■ **WORK REQUIRED**
Print exactly the lines from the one that contains "為推進學(xué)習貫徹習近" through the final line of the entries below, both included, and nothing else; omit the pictures.

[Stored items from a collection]
::::
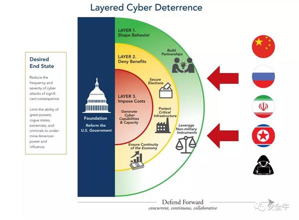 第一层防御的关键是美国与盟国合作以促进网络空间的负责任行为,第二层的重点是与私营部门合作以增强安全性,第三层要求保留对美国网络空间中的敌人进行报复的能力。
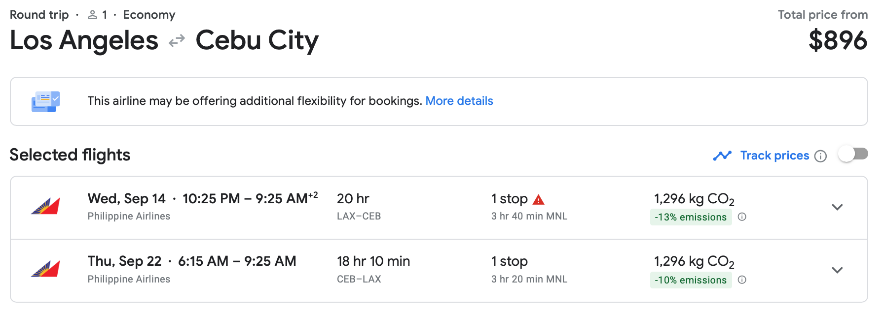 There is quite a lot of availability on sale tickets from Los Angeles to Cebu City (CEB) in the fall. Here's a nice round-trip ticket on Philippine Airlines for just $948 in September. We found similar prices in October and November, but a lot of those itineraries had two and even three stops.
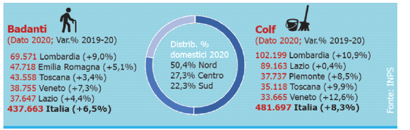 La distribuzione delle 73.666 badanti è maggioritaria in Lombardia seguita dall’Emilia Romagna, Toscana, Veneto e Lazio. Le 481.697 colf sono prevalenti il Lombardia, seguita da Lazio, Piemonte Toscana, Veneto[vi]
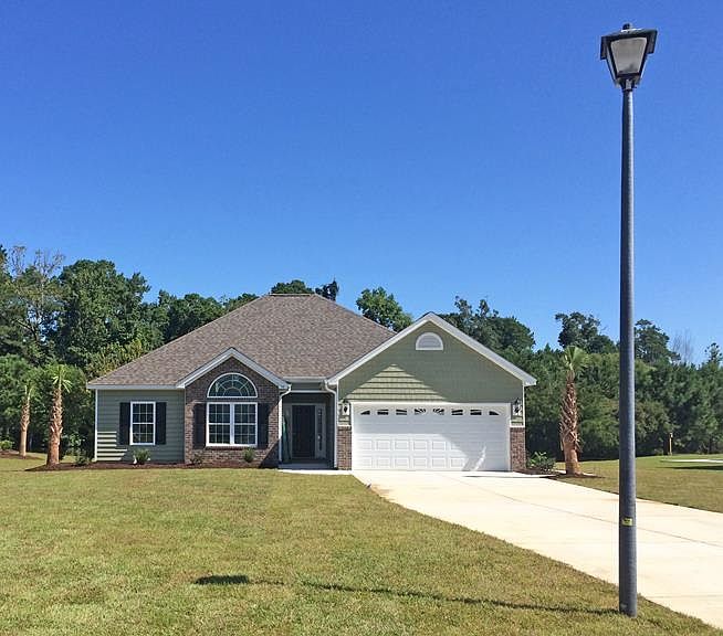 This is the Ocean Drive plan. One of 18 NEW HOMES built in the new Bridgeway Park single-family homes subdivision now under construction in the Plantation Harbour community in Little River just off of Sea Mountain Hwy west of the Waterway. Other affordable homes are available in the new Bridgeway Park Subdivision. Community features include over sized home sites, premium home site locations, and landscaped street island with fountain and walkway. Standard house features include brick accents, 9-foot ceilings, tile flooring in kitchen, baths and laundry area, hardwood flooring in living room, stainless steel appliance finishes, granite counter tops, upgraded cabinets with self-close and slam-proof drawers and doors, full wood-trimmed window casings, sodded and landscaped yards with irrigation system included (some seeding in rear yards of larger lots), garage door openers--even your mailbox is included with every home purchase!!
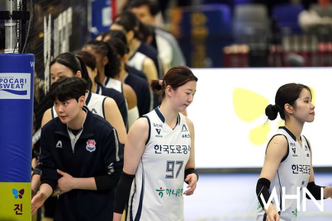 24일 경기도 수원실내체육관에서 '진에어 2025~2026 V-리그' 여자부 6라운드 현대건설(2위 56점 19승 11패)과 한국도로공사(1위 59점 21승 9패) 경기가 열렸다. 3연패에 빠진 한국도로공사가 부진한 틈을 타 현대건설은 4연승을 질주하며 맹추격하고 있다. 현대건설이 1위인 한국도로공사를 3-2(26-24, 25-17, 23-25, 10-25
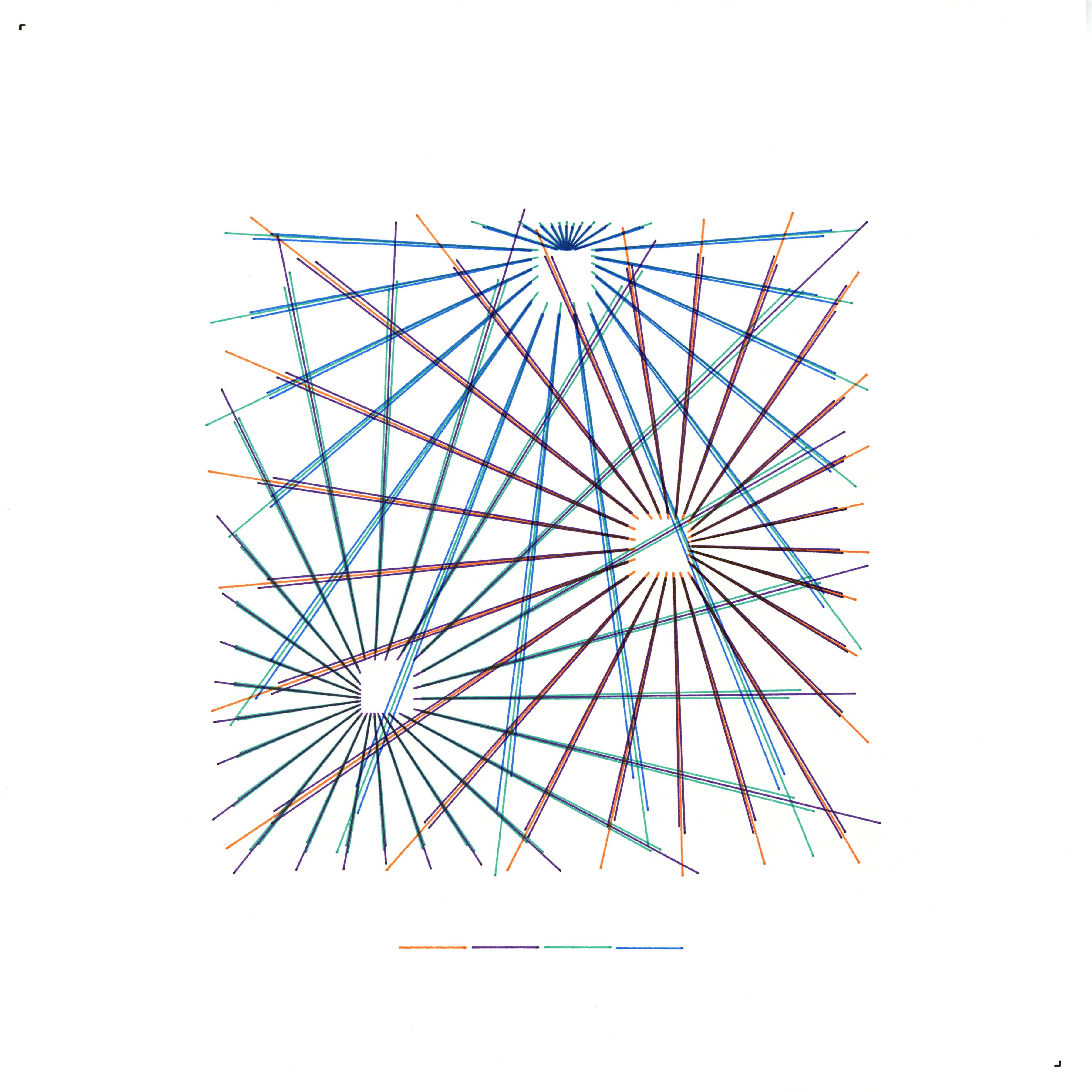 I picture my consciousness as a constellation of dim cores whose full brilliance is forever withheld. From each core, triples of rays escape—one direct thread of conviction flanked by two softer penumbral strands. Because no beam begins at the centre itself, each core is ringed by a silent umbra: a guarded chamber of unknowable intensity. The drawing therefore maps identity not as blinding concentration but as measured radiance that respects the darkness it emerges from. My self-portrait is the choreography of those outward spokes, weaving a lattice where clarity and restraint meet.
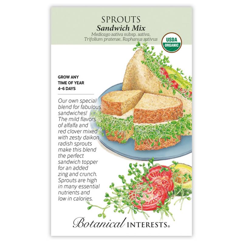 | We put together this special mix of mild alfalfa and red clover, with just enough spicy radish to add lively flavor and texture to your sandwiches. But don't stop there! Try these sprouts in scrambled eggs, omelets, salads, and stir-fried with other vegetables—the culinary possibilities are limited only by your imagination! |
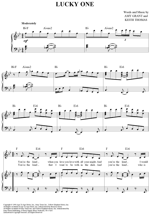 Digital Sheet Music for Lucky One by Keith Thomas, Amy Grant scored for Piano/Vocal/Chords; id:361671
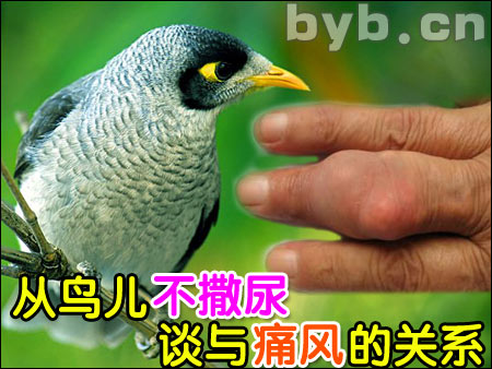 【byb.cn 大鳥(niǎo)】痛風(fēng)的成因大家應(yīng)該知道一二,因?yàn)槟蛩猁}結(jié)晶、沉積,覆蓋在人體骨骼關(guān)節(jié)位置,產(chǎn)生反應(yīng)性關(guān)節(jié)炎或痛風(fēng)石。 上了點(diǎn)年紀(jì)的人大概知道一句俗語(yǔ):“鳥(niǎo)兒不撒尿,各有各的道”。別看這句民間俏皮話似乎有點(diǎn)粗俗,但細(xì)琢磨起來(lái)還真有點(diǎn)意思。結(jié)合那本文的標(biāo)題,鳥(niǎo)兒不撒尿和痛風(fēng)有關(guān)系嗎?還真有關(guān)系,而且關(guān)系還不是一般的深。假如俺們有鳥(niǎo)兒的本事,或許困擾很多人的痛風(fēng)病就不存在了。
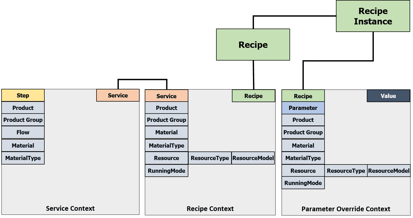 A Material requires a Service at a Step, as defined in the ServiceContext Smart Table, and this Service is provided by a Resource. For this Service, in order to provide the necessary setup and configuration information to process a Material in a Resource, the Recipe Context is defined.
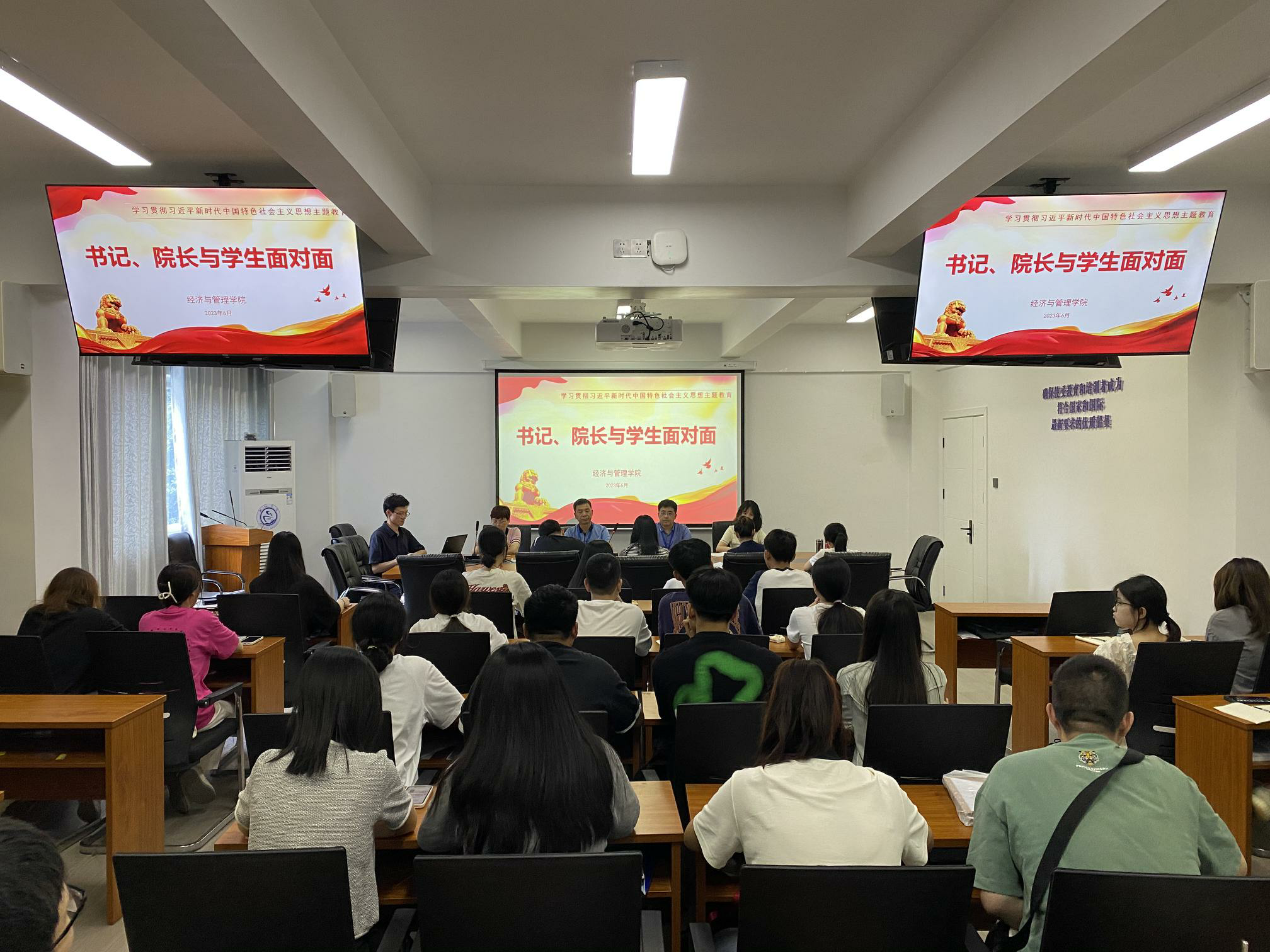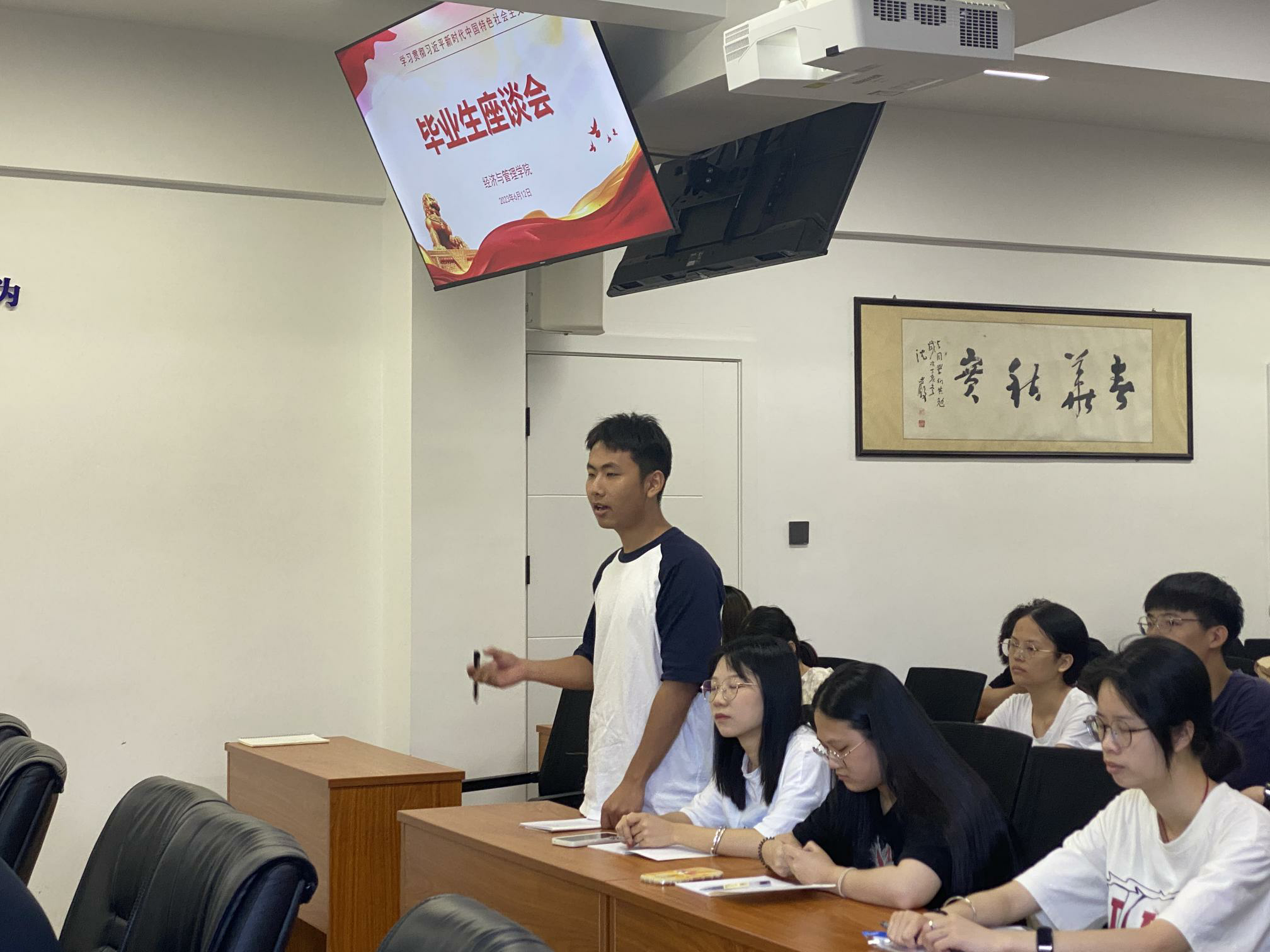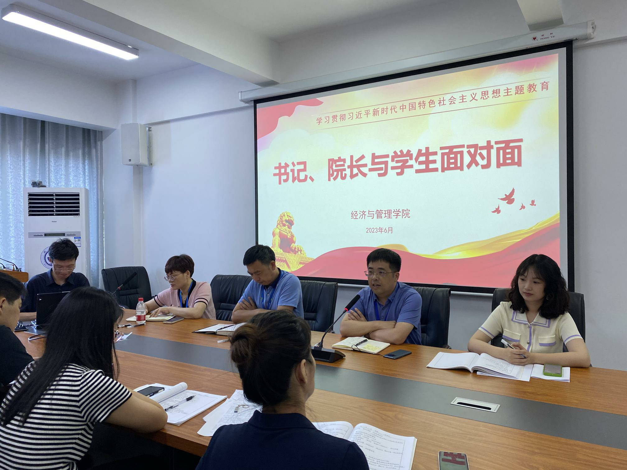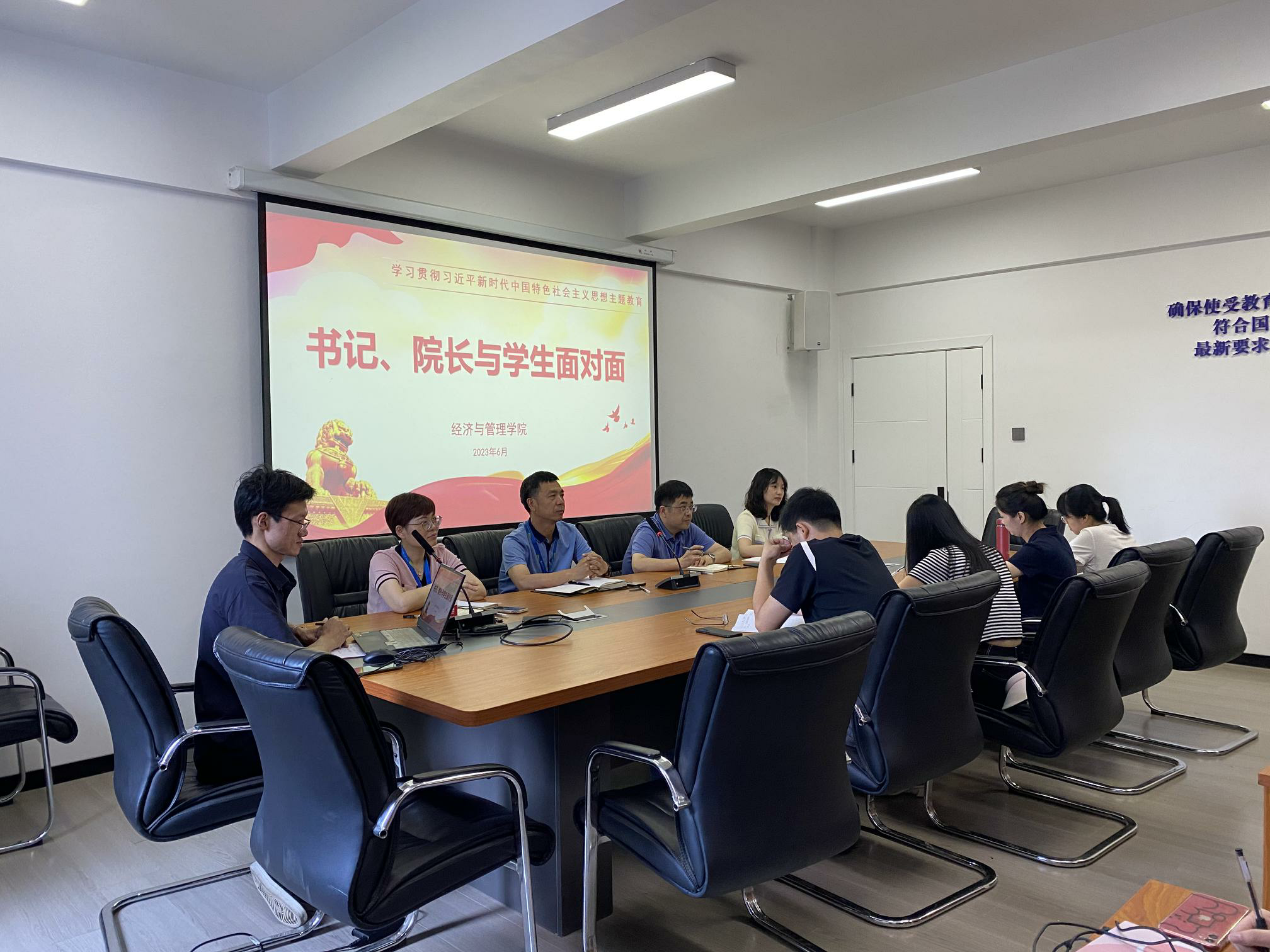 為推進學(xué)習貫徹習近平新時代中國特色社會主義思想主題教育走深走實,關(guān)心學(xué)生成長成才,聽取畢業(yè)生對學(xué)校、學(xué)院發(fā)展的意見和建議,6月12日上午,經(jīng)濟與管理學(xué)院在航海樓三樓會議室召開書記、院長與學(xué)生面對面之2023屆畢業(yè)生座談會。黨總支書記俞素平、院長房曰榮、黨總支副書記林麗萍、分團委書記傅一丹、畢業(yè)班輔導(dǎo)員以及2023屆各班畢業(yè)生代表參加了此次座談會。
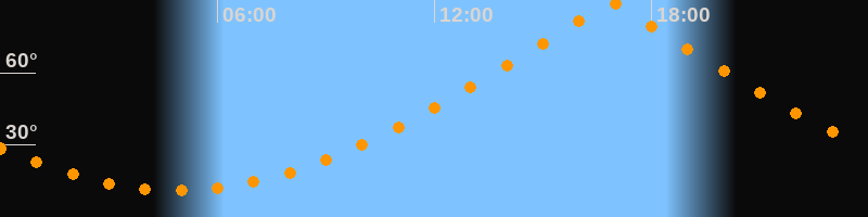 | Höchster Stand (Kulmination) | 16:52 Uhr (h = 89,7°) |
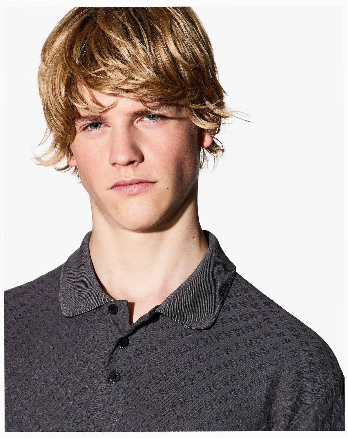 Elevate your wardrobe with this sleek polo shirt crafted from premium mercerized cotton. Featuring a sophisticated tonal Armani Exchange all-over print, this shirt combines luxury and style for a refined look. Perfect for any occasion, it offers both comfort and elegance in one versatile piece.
::::
■ **FINAL ANSWER**
 為推進學(xué)習貫徹習近平新時代中國特色社會主義思想主題教育走深走實,關(guān)心學(xué)生成長成才,聽取畢業(yè)生對學(xué)校、學(xué)院發(fā)展的意見和建議,6月12日上午,經(jīng)濟與管理學(xué)院在航海樓三樓會議室召開書記、院長與學(xué)生面對面之2023屆畢業(yè)生座談會。黨總支書記俞素平、院長房曰榮、黨總支副書記林麗萍、分團委書記傅一丹、畢業(yè)班輔導(dǎo)員以及2023屆各班畢業(yè)生代表參加了此次座談會。
 | Höchster Stand (Kulmination) | 16:52 Uhr (h = 89,7°) |
 Elevate your wardrobe with this sleek polo shirt crafted from premium mercerized cotton. Featuring a sophisticated tonal Armani Exchange all-over print, this shirt combines luxury and style for a refined look. Perfect for any occasion, it offers both comfort and elegance in one versatile piece.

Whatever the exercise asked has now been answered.